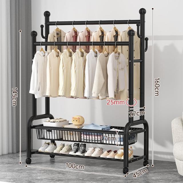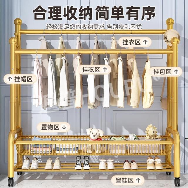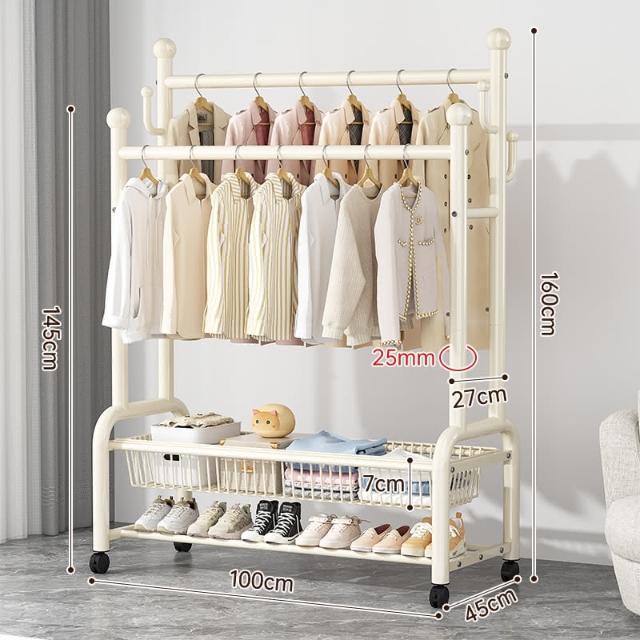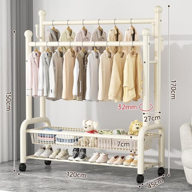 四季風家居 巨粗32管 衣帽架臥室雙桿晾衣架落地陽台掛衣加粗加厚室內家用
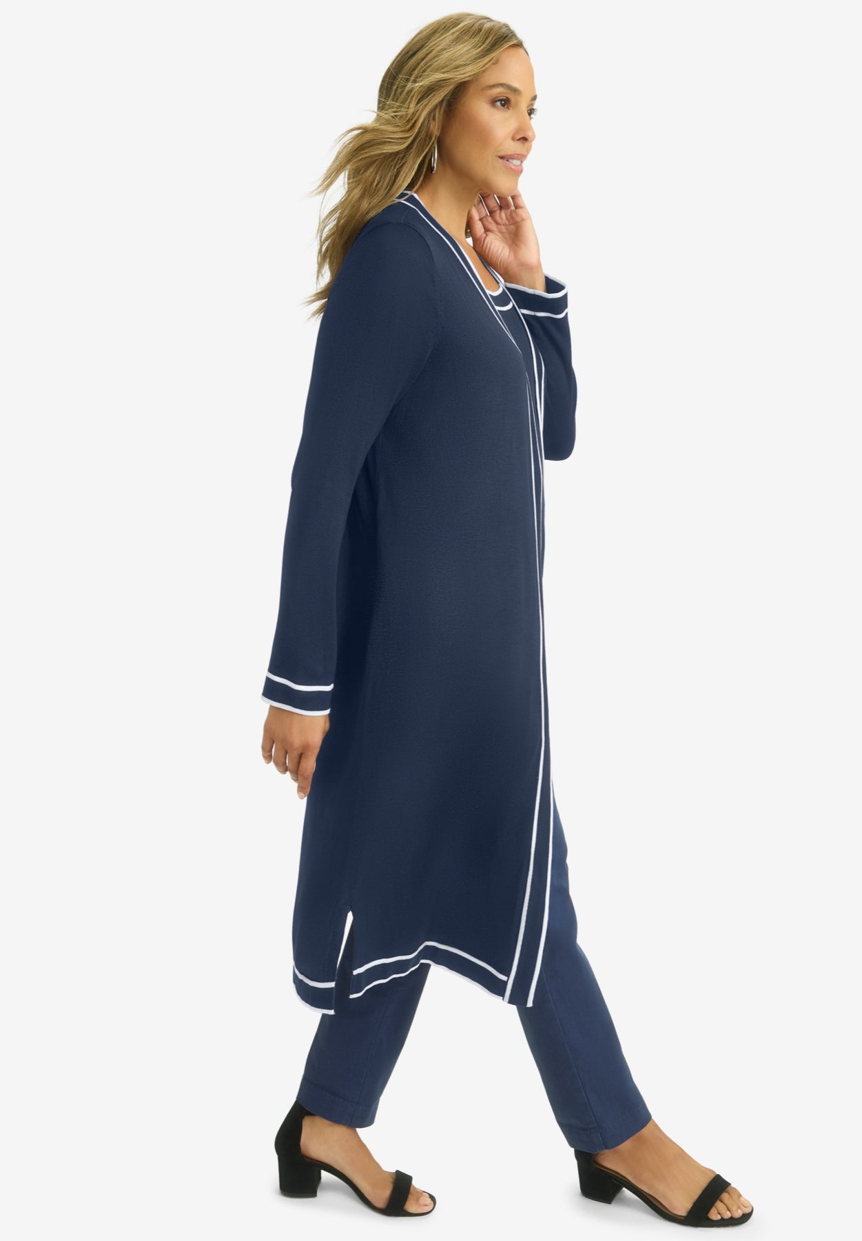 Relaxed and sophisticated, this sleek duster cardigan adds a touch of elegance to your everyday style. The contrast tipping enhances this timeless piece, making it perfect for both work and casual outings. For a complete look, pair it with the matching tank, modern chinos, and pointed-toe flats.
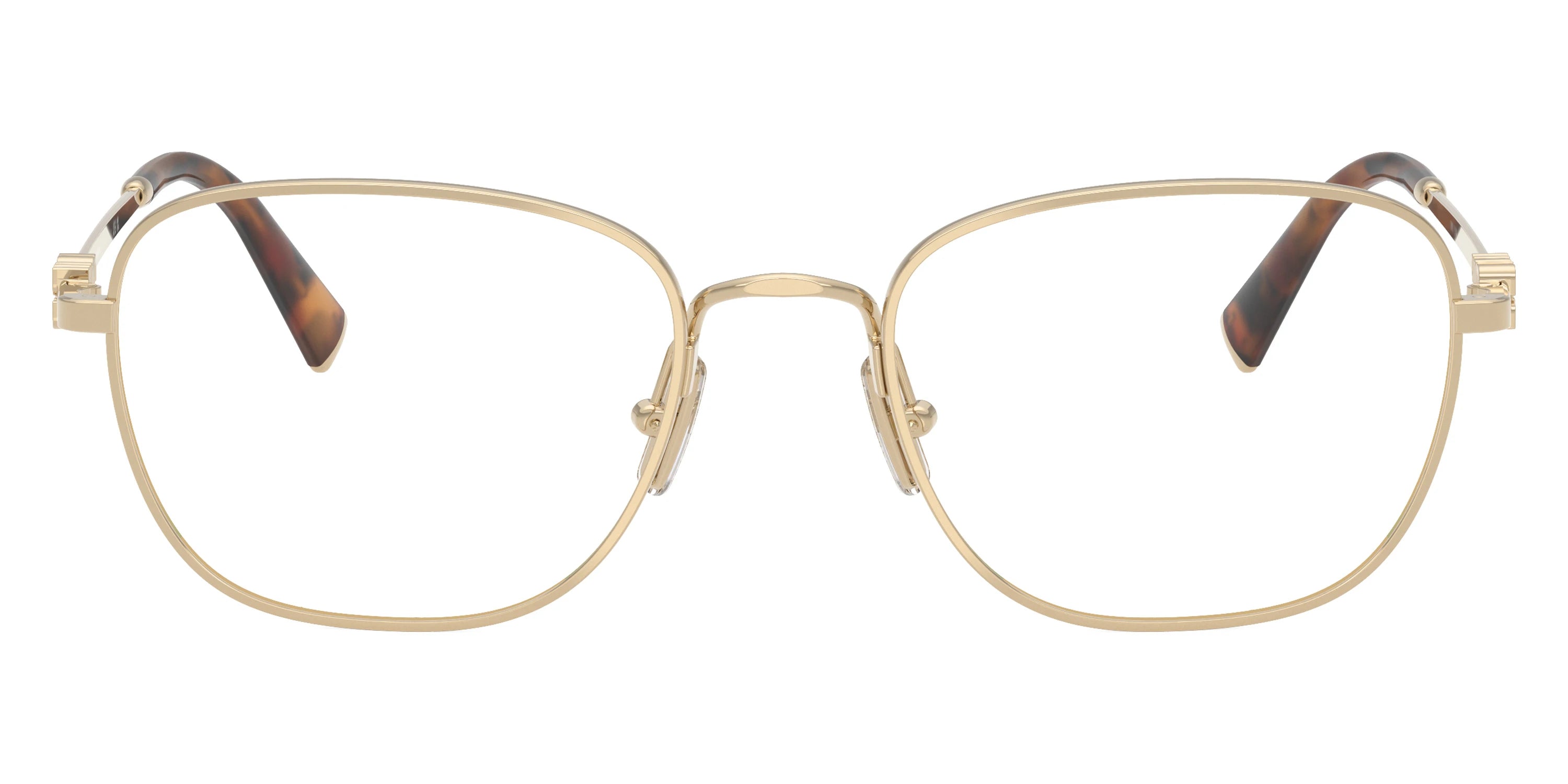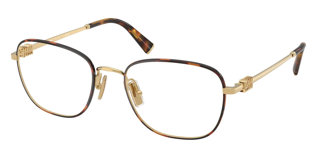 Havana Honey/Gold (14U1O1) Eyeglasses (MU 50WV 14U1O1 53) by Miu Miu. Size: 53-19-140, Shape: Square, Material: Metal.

--

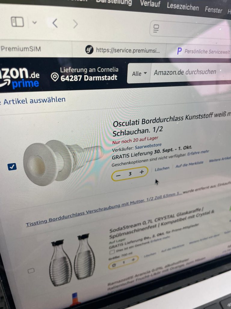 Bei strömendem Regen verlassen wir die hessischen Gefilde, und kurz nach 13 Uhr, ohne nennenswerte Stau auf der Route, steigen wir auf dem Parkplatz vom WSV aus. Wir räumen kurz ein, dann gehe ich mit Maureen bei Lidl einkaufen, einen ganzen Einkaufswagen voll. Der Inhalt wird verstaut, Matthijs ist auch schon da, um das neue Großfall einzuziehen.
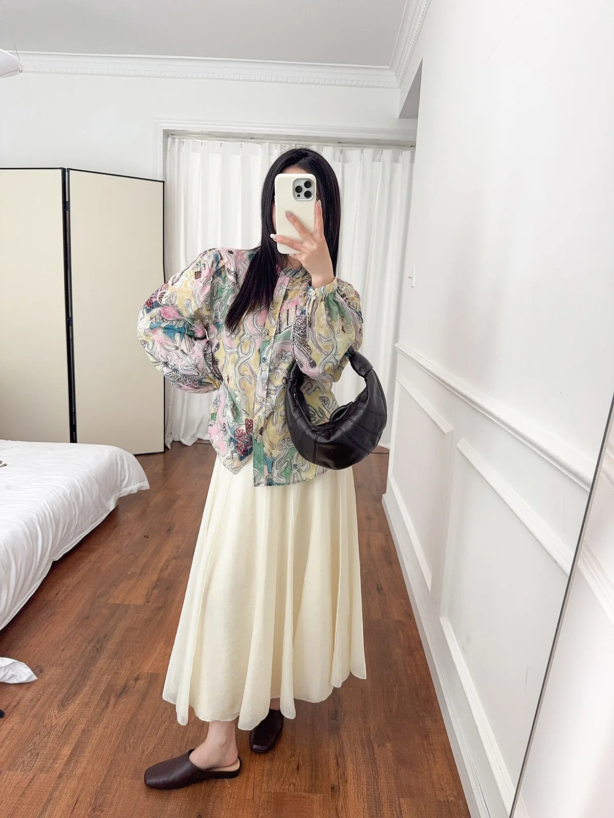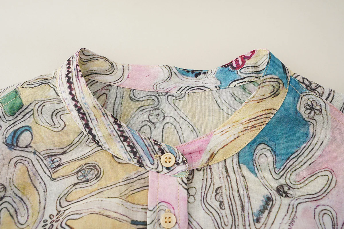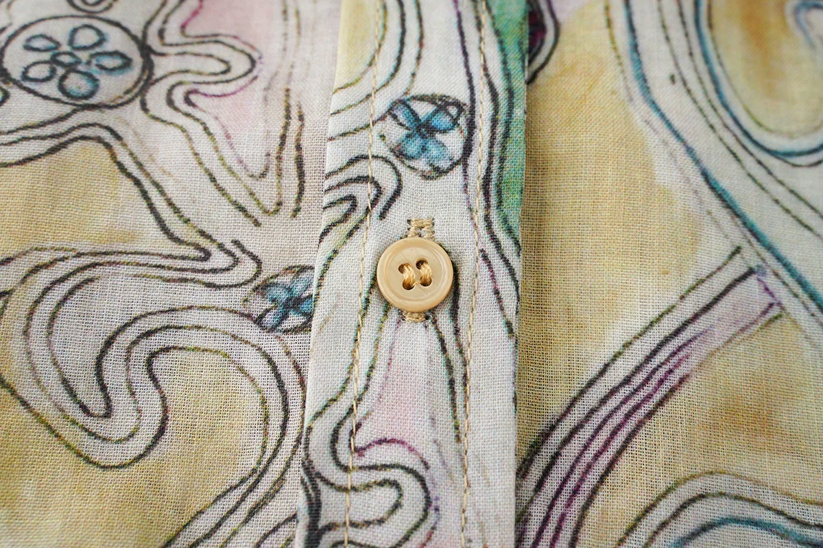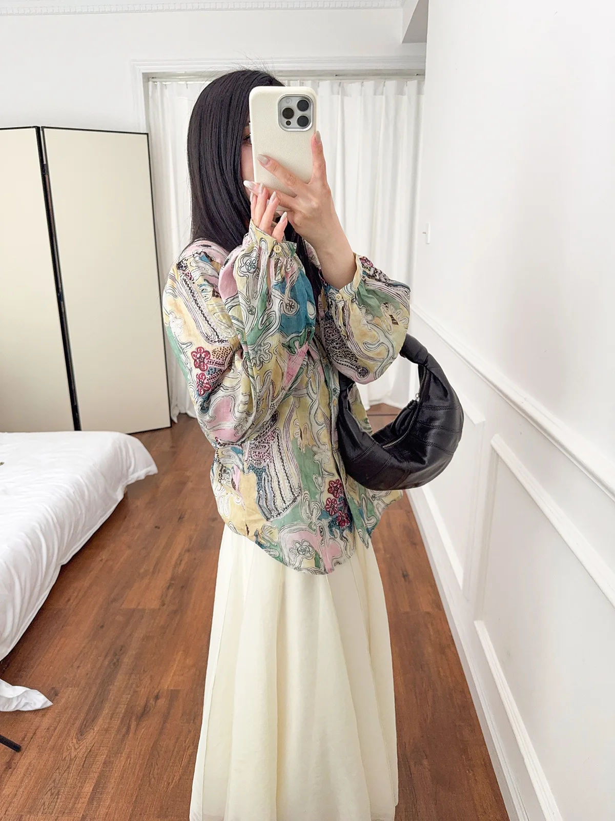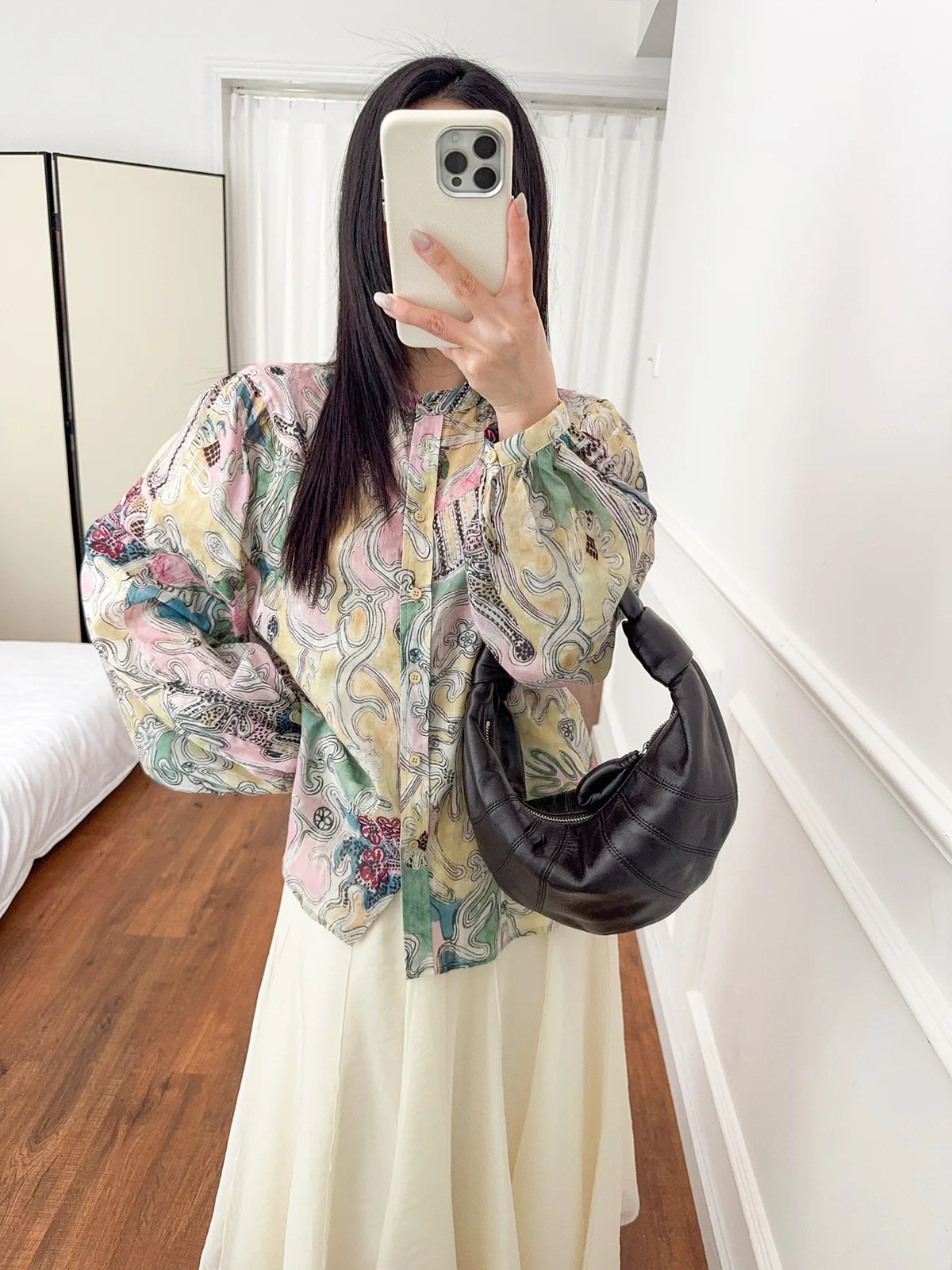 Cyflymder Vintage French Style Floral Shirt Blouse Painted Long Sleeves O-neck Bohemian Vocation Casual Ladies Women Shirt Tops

* * *

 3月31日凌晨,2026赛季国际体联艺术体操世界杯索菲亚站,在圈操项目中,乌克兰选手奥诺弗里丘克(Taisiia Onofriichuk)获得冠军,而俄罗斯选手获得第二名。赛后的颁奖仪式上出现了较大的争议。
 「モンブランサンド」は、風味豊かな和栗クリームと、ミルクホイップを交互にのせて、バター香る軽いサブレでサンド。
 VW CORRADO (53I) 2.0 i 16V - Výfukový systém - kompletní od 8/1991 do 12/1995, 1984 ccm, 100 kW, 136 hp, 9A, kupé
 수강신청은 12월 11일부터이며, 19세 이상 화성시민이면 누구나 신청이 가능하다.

# [Your objective]
Look above for the line with "VW CORRADO (53I)"; retype exactly that line, every line after it up to the line with "수강신청은 12월 11일부터이며, 19세", and that line too, nothing else.

# [Output for this task]
 VW CORRADO (53I) 2.0 i 16V - Výfukový systém - kompletní od 8/1991 do 12/1995, 1984 ccm, 100 kW, 136 hp, 9A, kupé
 수강신청은 12월 11일부터이며, 19세 이상 화성시민이면 누구나 신청이 가능하다.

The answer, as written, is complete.